O que Pondé chama de "ateísmo" é o que qualquer ateu gostaria que fosse a religiosidade humana: a completa ausência de religião. De fato, nascemos ateus, como todos os animais nascem ateus. Mas ninguém nasce "ateísta". Esclarecendo: não haveria necessidade de dizer "eu sou ateu" se nunca houvesse existido o teísmo. O ateísmo moderno pode, sim, ser um movimento em favor da racionalidade, contra os absurdos rituais e a inconsequente confiança na ideia de que o criador do universo cuida de todas as pessoas. Para a maioria, talvez seja apenas uma opção. Contudo, o ateísmo dos animais, dos golfinhos (trecho realmente "risível" do texto) não é oriundo da conclusão de que "não há um deus por trás de tudo", mas da ausência de qualquer conclusão ou questionamento. Não é uma explicação fácil, simplesmente não entra no mérito de explicação!
Por último, é claro que a religião é mais poética! Claro que anjos te observando e mares se abrindo no meio são mais poéticos! Pelo mesmo motivo, "Harry Potter" é mais lido do que "A origem das espécies". Mas não se aprende, não se evolui, não se questiona baseando-se nos floreios que uma estória exibe.

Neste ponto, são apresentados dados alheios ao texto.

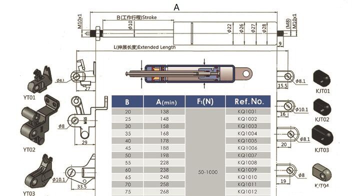 注:由于气弹簧是非标准的,以上仅为型号的一部分。我们可以根据客户的要求定制。
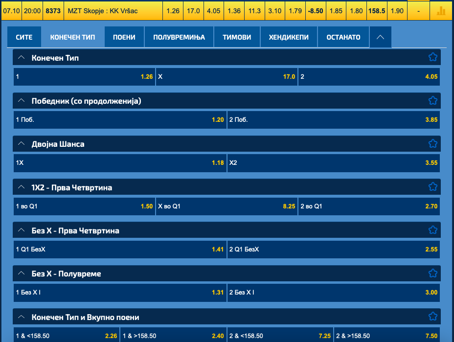Во СЦ „Јане Сандански“ вечерва од 20 часот гостува екипата на Вршац, а според квотите во Sport Life, Штрковите се големи фаворити со квота за победа од 1.26. МЗТ Скопје против овој противник има одиграно два натпревари во сезоната 2018/19, и тоа во истово натпреварување, и двапати победи, со девет поени на домашен терен и со седум разлика на гости.

Se for assim, O Ragnarök é mil vezes mais notável do que o Apocalipse.
O ateísmo pode começar como apenas uma opção, mas diante da irracionalidade de uma sociedade dominada pela fé, a que somos expostos, muitos de nós assumem-no como uma verdadeira "'conquista' da razão ou de alguma forma de rigor moral ou 'coragem cosmológica'". Risível é basear sua conclusão nas experiências e nas palavras de outrem. Isso se chama religião.
Chesterton dizia que o problema não é deixar de crer em Deus e sim começar a crer em qualquer bobagem que dizem por ai: seja na história, na ciência ou até em si mesmo.
E lembre-se: o texto foi escrito por alguém que já foi ateu. Isso é ter conhecimento de causa.
E a maior conquista da razão foi o nazismo e o holocausto.
"Deus" pode ser também qualquer bobagem que dizem por aí.
Sim. É o que mais tem por ai.
Mas, pera lá. De que moral e bons costumes e de que caráter esta falando o Pondé? Existem infinitos tipos de moral, para cada época e para todos os gostos e fregueses, sempre em sintonia com seu tempo. Além disso, todos os tipos de moral estão em permanente mutação.
Ele está, provavelmente, se referindo à moral surgida com a chegada da modernidade, aquela que recoloca a razão como estandarte, retirando Deus do centro (antropocentrismo).